# Ejemplo Ventanas 3
Este ejemplo es similar a los anteriores, pero en este caso usamos datos de bolsa.

In [1]:
from pyspark.sql import SparkSession
from pyspark.sql.functions import explode
from pyspark.sql.functions import split
import string

spark = SparkSession.builder \
    .master("spark://spark-master:7077") \
    .appName("ejemplo_ventanas_3") \
    .config("spark.sql.legacy.timeParserPolicy", "LEGACY") \
    .config("spark.eventLog.enabled", "true") \
    .config("spark.eventLog.dir", "hdfs:///spark/logs/history") \
    .config("spark.history.fs.logDirectory", "hdfs:///spark/logs/history") \
    .getOrCreate()

Setting default log level to "WARN".
To adjust logging level use sc.setLogLevel(newLevel). For SparkR, use setLogLevel(newLevel).

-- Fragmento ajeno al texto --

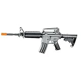 (More customer reviews)First off, let me say that I am not a gamer and also that this is my first airsoft gun. I actually bought this gun from another supplier. This gun is constructed mostly of what appears to be a very high grade of plastic, except for the barrel, front sight, magazine, the little hop-up door and the innards which are metal. The gun looks very realistic - looks just like my brother's real M-4 although the barrel on his is a couple of inches longer and obviously not orange on the end. The gun weighs 6 lbs, 9.5 ounces with the magazine full of .25g bb's. The only complaints I would offer is that the rear sight has about 1/16" of play side to side (I ended up putting a red dot scope with a riser in place of the handle and sight) and the rear stock pipe has a bit of wiggle in it - it should be totally solid. The gun makes a fair amount of noise - from 100 feet you know a full automatic gun is being fired, so if you want stealth this gun is not for you. The gun has a very rapid rate of fire and at 50 feet I get a grouping of about 1 1 /2 inches and a fairly good grouping at 75 feet. I can keep the bb's in about a 1 foot area on full auto at 150 feet. Shooting .25g bb's it will almost completely penetrate 3/8" cardboard at 50 feet, and in fact sometimes does. With .2g bb's it doesn't penetrate 3/8" cardboard quite as far as the .25's but will still break through the cardboard, which was a surprise to me - I thought the .2's going faster, would penetrate further. On full automatic it will totally destroy even the 3/8" cardboard. No jams so far with about 2000 bb's. I am pleased with the gun and I give this gun 4 stars - deducted one star for the rear sight and the wiggle in the rear stock pipe which really don't seem to affect the operation of the gun. I would certainly recommend.

Usaremos el archivo **bolsa1.json**. Lo primero es crear un esquema apropiado para dicho archivo. 

In [2]:
# Definimos el esquema de los datos de entrada
from pyspark.sql.types import StructType, StructField, StringType, IntegerType
bolsaSchema = StructType([
    StructField("CreatedTime", StringType()),
    StructField("Type", StringType()),
    StructField("Amount", IntegerType()),
    StructField("BrokerCode", StringType())
])

Debe  colocarse en el directorio **/user/jovyan/entrada**. Si se coloca en otro hay que modificar la opción *path* de *readStream*.

In [3]:
# Configuramos la lectura de fichero en formato JSON
rawDF = spark.readStream \
        .format("json") \
        .option("path", "entrada") \
        .option("maxFilesPerTrigger", 1) \
        .schema(bolsaSchema) \
        .load()

rawDF.printSchema()

root
 |-- CreatedTime: string (nullable = true)
 |-- Type: string (nullable = true)
 |-- Amount: integer (nullable = true)
 |-- BrokerCode: string (nullable = true)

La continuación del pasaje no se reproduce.